DL = Deep Learning

NN = Neural Network

P = Philosophy

Gradient descent

DL: Optimization algorithm used for training NN.

P: You can reach the place you want one step, in the right direction, at a time.

Keep weights small

DL: Helps NN learn new data faster

P: Keep your identity small so that you can adjust easily.

Local and Global Minima

DL: Local Minima means your NN has learned something but it is not optimal. We always aim for Global Minima.
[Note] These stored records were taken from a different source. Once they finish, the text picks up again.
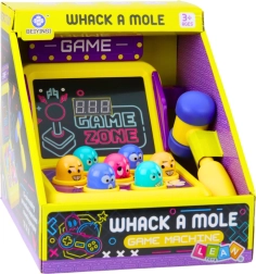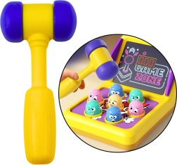 Автоматът е оборудван с дигитален дисплей за проследяване на резултата по време на игра, което добавя елемент на състезание и мотивира децата към по-добри постижения. Играта се захранва с батерии, което позволява включване на весели светлинни и звукови ефекти, повишаващи ангажираността и разнообразието на играта. В комплекта е включен безопасен, лек чук, идеално пригоден за детски ръце, така че играта да е не само вълнуваща, но и напълно безопасна.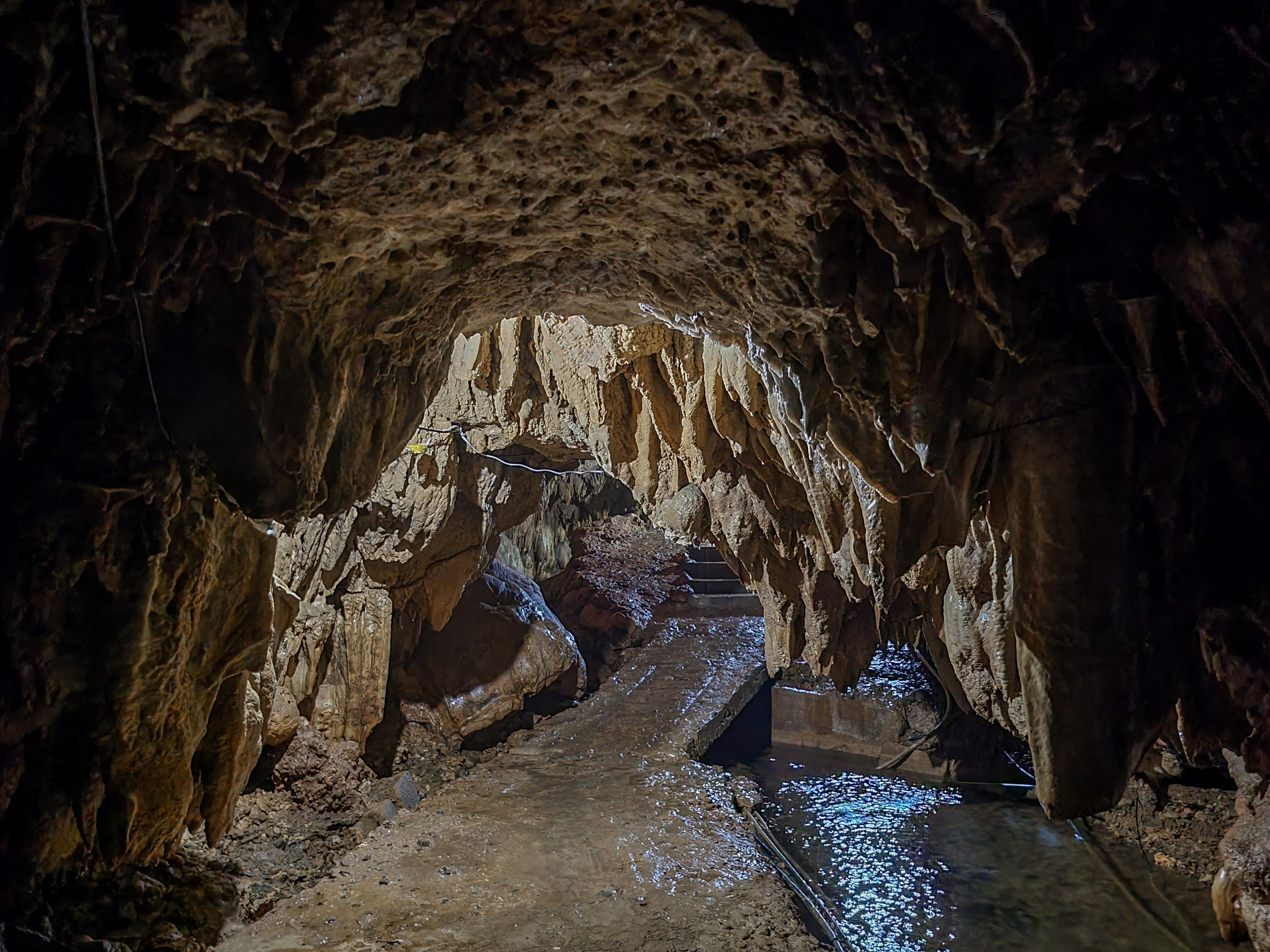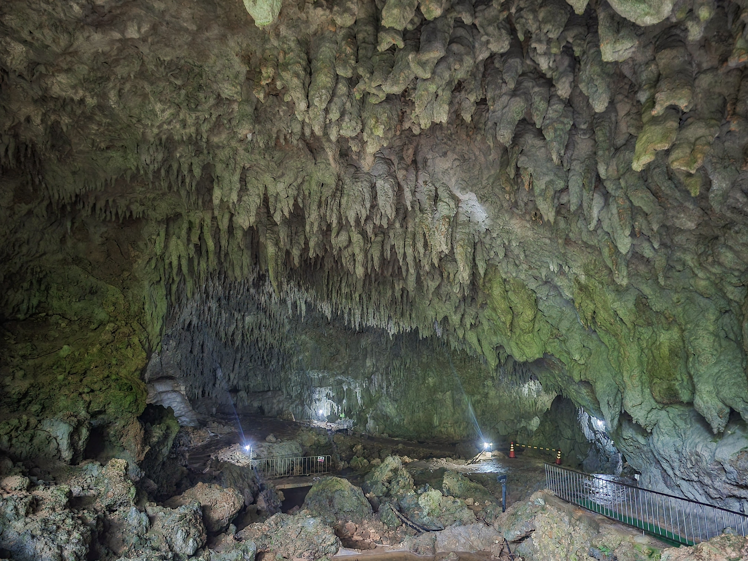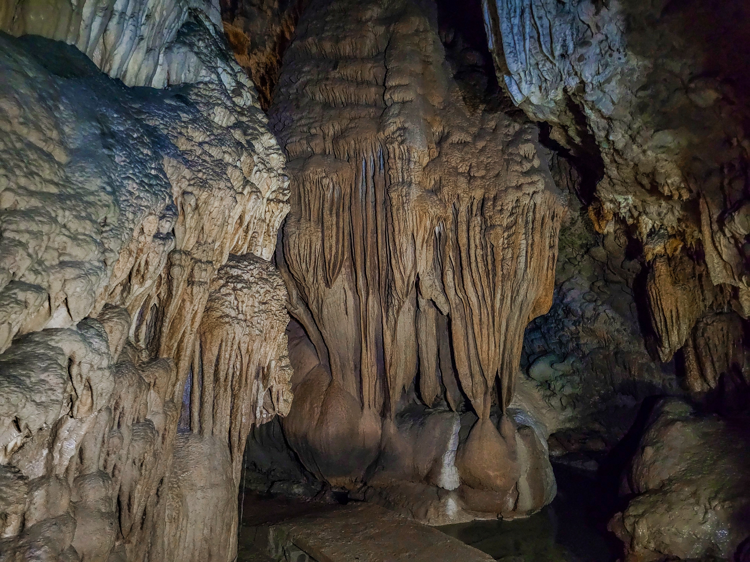 最初は白かった鍾乳石が、徐々に色が茶色くなってきたのかな?古くからあった本州の鍾乳洞はすでに色が劣化していたから、白っぽい鍾乳石をみたことがないのだろうか?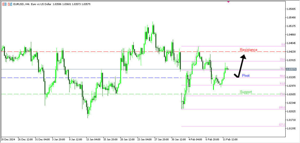 EURUSD กรอบเวลา H4 มีแนวโน้มดีดตัวขึ้น ราคากำลังทดสอบแนวรับ Pivot ที่ 1.0326 หากดีดตัวขึ้น มีโอกาสไปแนวต้าน 1.0423 แต่หากหลุดลง อาจร่วงต่อสู่แนวรับ 1.0266 ซึ่งตรงกับ Fibonacci 78.6%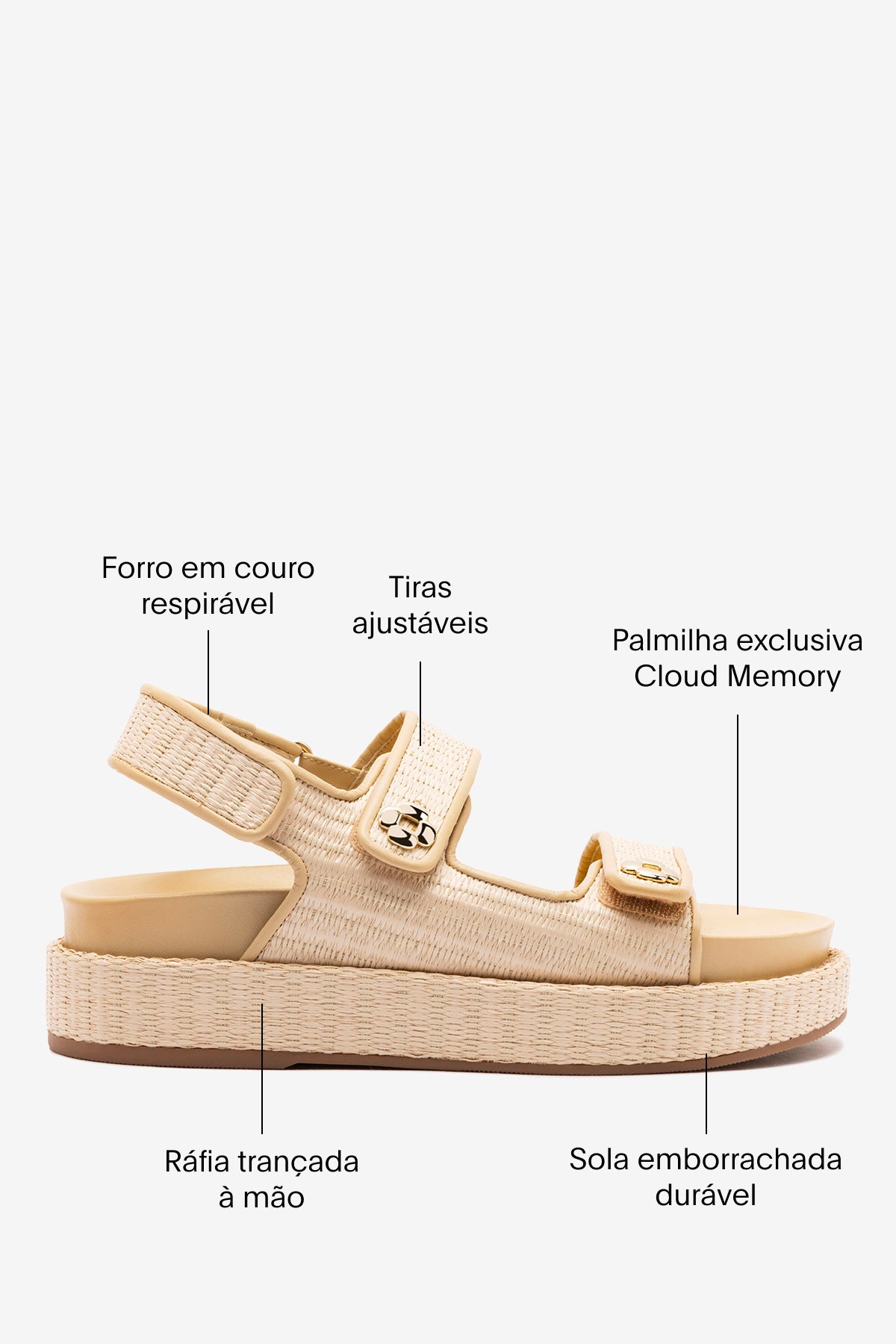 Jetty traz uma proposta leve e prática, perfeita para os dias de calor. A plataforma trançada cria um visual moderno e fácil de usar, enquanto o detalhe metálico discreto adiciona um toque final sutil.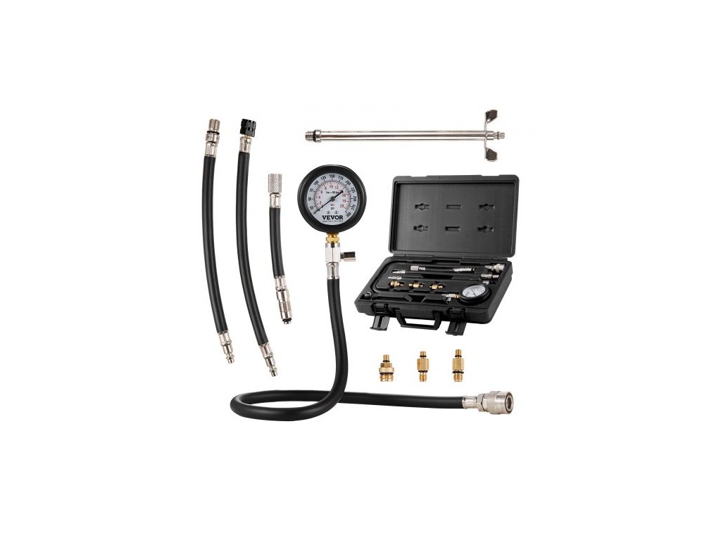 Sada adaptérů pro kompresní tester VEVOR, 9dílná sada pro testování úniku komprese z válců automobilového motoru, přesný manometr s dvojitou stupnicí 0-300 psi, s hadicemi s dlouhým dosahem a pouzdrem pro válce motoruDvoustupňové tlakoměry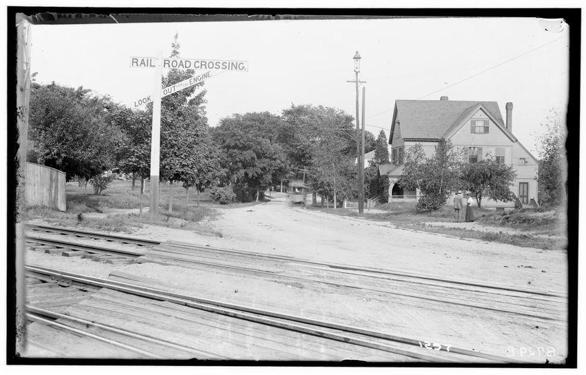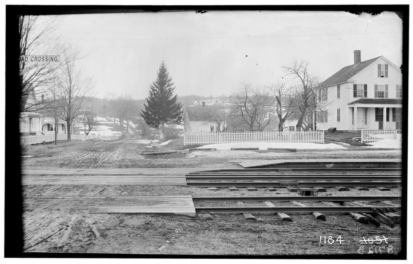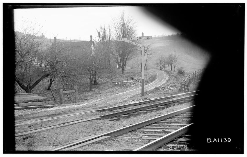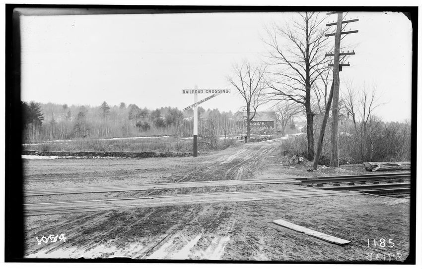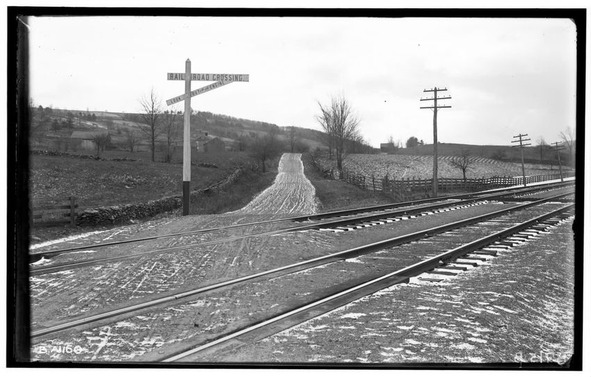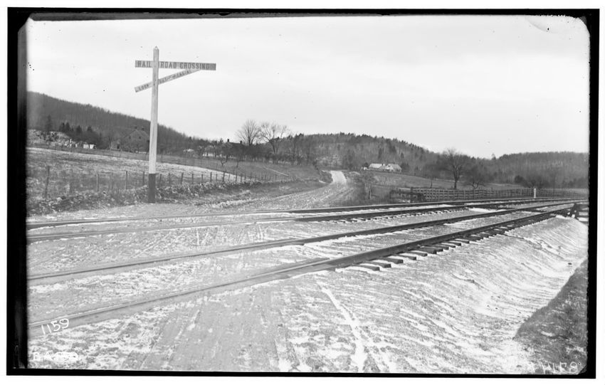 The image shows a railroad crossing at Flint's Main crossing area, looking north in Canaan, New York. There is a sign labeled "RAILROAD CROSSING" and "LOOK OUT FOR THE CARS." The scene includes railroad tracks crossing a dirt road, with a rural landscape in the background featuring hills, trees, and...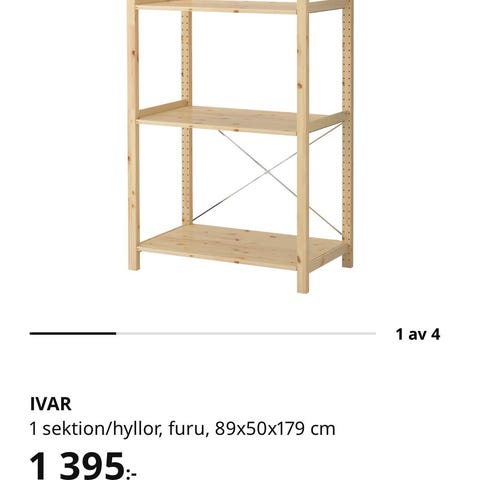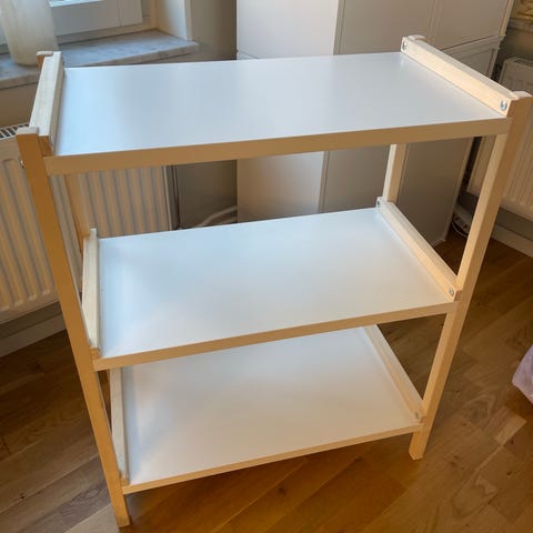 Nyinköpta hyllor säljes då vi flyttat. Antingen kan man köpa en för 400kr alt båda för 750kr. Praktiska och lätta att bära bort. Se bild för mått.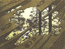 Hình 7: Vũng nước (1952), SỰ PHẢN XẠ cho phép những hiện tượng quá nhỏ, quá xa hoặc quá mờ có thể được quan sát một cách trực tiếp. Một vũng nước trên nền đất rừng đầy dấu giày và vết bánh xe soi bóng những vòm cây và ánh trăng ở phía trên. Escher nhắc chúng ta rằng, còn có một thế giới không nhìn thấy ở bên dưới, đằng sau và ở trên cái nhìn của chúng ta.

P: Your views and opinions are not perfect. They are probably just your perspective.

Randomize Weights

DL: Helps you explore the landscape and avoids getting stuck in local minima.

P: Put yourself in random situations to learn from it.

Exponentially Weighted Average

DL: A type of average where more weightage is given to past numbers than latest number.

P: Do you change your path completely if one outcome goes wrong? What about the last n outcomes that were right.


DL: Used to check how well a NN has trained. Further training will be adjusted accordingly.

P: Use metrics to see what’s working and not working. Adjust plans accordingly.

Test Data and Testing

DL: Tests NN on unseen data.

P: Test assumption/beliefs to see if they are true or not


DL: NN memorized only certain things completely and cannot variations of unseen things.

P: What you don’t yet know is more important that what you already know.